以前、バンドの音楽を率いる「コンサートマスター」や「リーダー」のお話をしたことがあります。今回はブラスバンドやビッグバンド、音楽のジャンルを超えて存在する、アンサンブルには不可欠な「パートリーダー」についてお話ししたいと思います。パートリーダーの役悪は、精神的な支えはもちろんですが、かなりテクニカルな業務が多くなります。というより、演奏法をまとめ、そのパートの音楽を作る技術監督がパートリーダーだと思います。さてどんなテクニカルな指導をするのでしょうか?
まずは音質の確認です。そのパートの全員の音色を完全に一致させることは不可能ですし、必要もないとは思いますが、メンバーの全員が、自分の音がどのようにそのパートで鳴っているかを知っておく必要があります。
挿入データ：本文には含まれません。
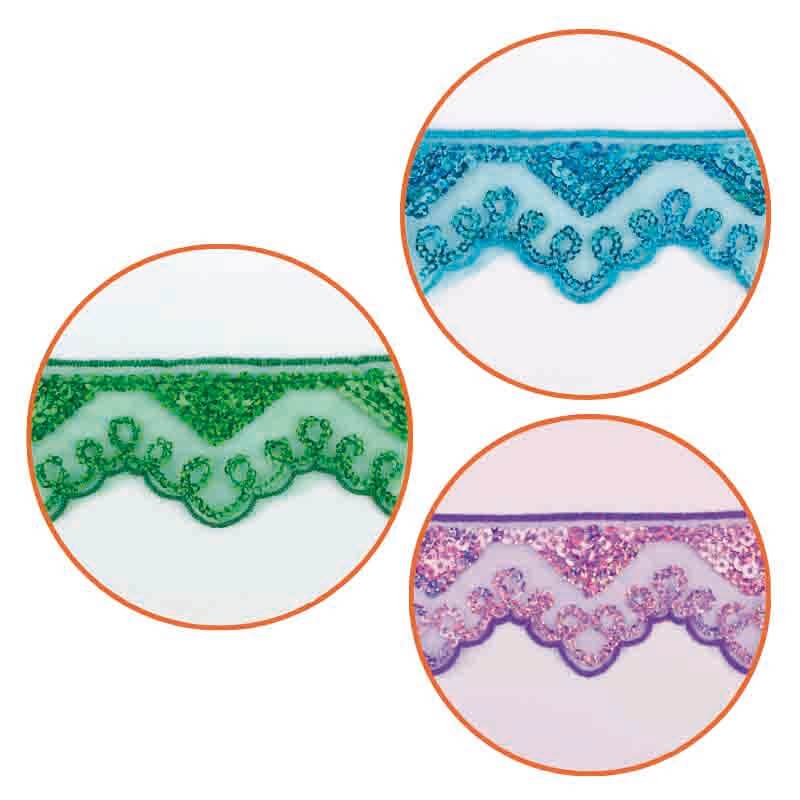 Galão em chiffon bordado com lantejoulas em desenho padrão com acabamento tipo guirlanda. Graças ao suporte de gaze, é um material fácil de usar, tanto com máquina como com adesivos. Vai dar cor, desenho e um pouco de brilho.
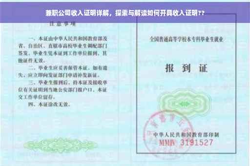 本文详细探讨了兼职公司的收入证明相关问题,包括重要性、内容、获取方式、注意事项等,希望通过本文的介绍和分析,读者能更好地了解和应对兼职公司收入证明相关问题。
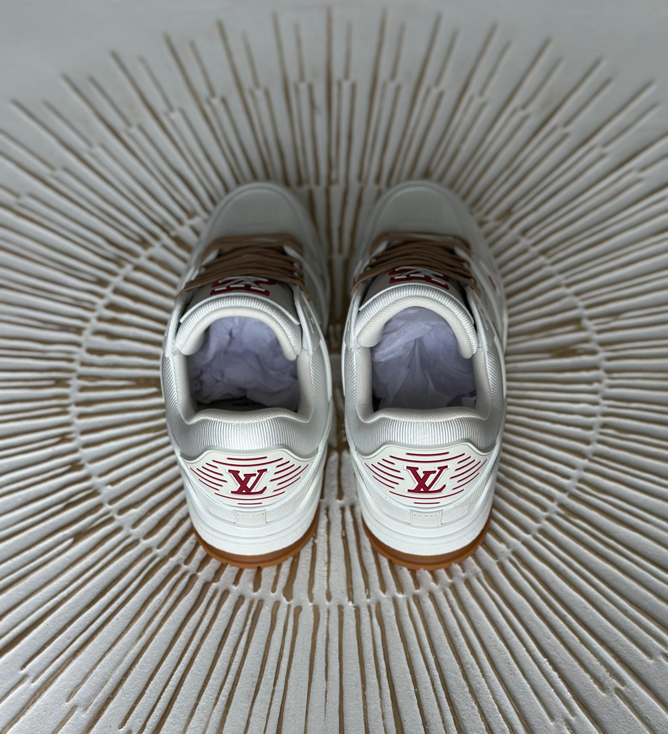 | Title | Louis Vuitton LV Trainer Sneakers – White Leather with Red LV Accents (Men’s) |
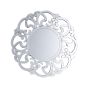 This mirror represents a perfect fusion of antique and modern styles. Inspired by Victorian forms, the frame features an intricate pattern that surrounds the round mirror plate. Wherever hung, in the bedroom, living room bathroom or even in the hall, it brings out the most distinctive features of any decor and enlarges the room visually. Apart from being decorative, it can serve as a vanity mirror. Details: Color: Silver. Main material: MDF. Additional material: Glass. Weight: 7 Assembly: Does Not Require Assembly
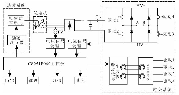 2 发送机系统结构与原理如图 1所示,本发送机系统包括了励磁电流控制系统,发电机体,整流滤波,逆变系统,电压、电流的采集,GPS模块,键盘以及LCD显示器等.
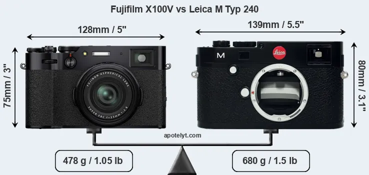 Le Fujifilm X100V et le Leica M (Typ 240) sont deux appareils photo numériques, qui ont été révélés au public, respectivement, en February 2020 et September 2012. Le X100V est un appareil photo compact à objectif intégré, tandis que le M Typ 240 est un appareil photo sans miroir à mise au point par télémètre. Les caméras sont équipés d'un capteur APS-C (X100V) et un capteur plein format (M Typ 240). Le Fujifilm a une résolution de 26,0 mégapixels, alors que le Leica fournit 23,7 MP.
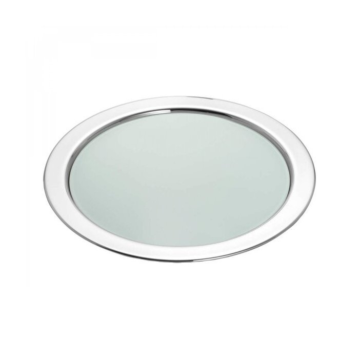 Bandeja Decorativa Redonda Cromada com Vidro Rojemac
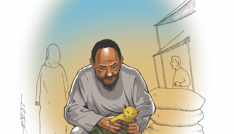 Ketika melintasi sebuah lorong, langkahnya terhenti. Dari balik tumpukan karung gandum yang basah, terdengar suara lirih—lemah, nyaris tak terdengar. Asy-Syiblī mendekat dan berlutut. Di sana, ia melihat seekor kucing kecil, tubuhnya gemetar hebat, bulunya kusut dan basah oleh embun dingin. Matanya setengah terpejam, seolah pasrah menunggu takdir.
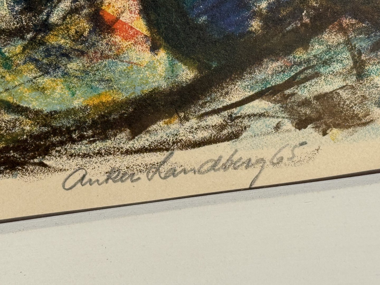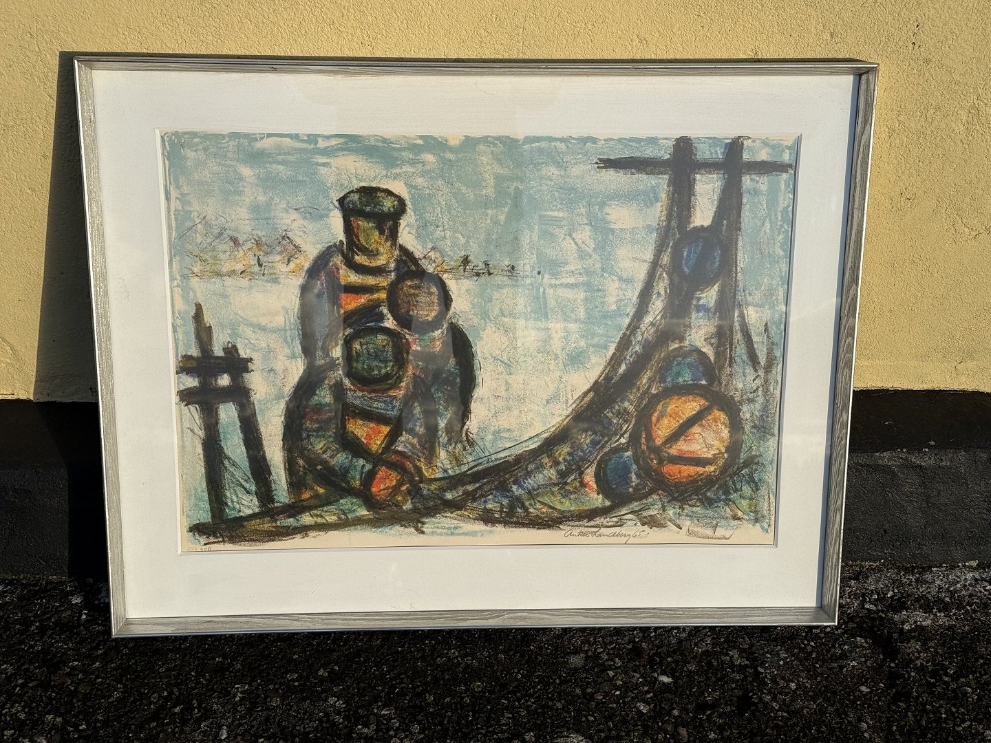 Anker Landberg, Lithograph in frame, Fishermen repairing nets, signed Anker Landberg 65, Dimensions: 67x46cm, Dimensions with frame: 82x63cm *fine condition*Stock: 1

ちょっとした工夫で混じり合えないサウンドも、優雅なハーモニーを奏でることが出来ます。それにはまず「音を知る」ことが重要です。パートメンバーで車座になって全員で順番に音を出しましょう。ピアニッシモ、フォルテの各自の音、またパートのハーモニーの音を確認し、パートメンバーでどこを改良、強調すべきかを相談し決定します。それを進行するのがパートリーダーです。そう、パートリーダーはパート練習の進行役であり、まとめ役です。「楽器が一番上手く、後輩に吹き方を教えられる人」をパートリーダーと考えるのはちょっと違うと思います。あくまで、パートのサウンドを作り上げる道筋を作るのがパートリーダーです。
もうひとつのパートリーダーの重要な役目はハーモニーの確認です。各人がコードのどの音を吹いているかを自覚させ、そのピッチ調整の有無を確認します。速いパッセージはともかく、2拍や4拍の延ばしの音はパートでしっかりと和音を作っておくべきでしょう。バンド全体を見るコンサートマスターの負荷がとても軽くなるはずです。それにより、バンド全体の音楽作りに専念出来る訳です。パートでのハーモニー作りには、音程はもちろん、音の止め方、出だしのダイナミックス、息継ぎの場所、細かいニュアンスの決め等も重要です。そして何より重要なのは、メンバーがそれを理解し、「自分の考えとして演奏できる」ことです。「言われて出す音」は持続しませんし、何よりメンバーは楽しいでしょうか?そう、パートリーダーはパートメンバーの演奏への自覚とアンサンブルのメンバーとしての役割を考えてもらうのが大事な仕事のひとつです。そのためには、自分の考えをしっかりと持ち、曲の解釈もぶれないものを待つ必要があります。え、そんなスーパーマンは稀ですか?ですよね、だから皆で話し合うのです。パートリーダーは「パートメンバーで話しあう雰囲気」が作れれば、まずは素質ありだと思います。違いますかね?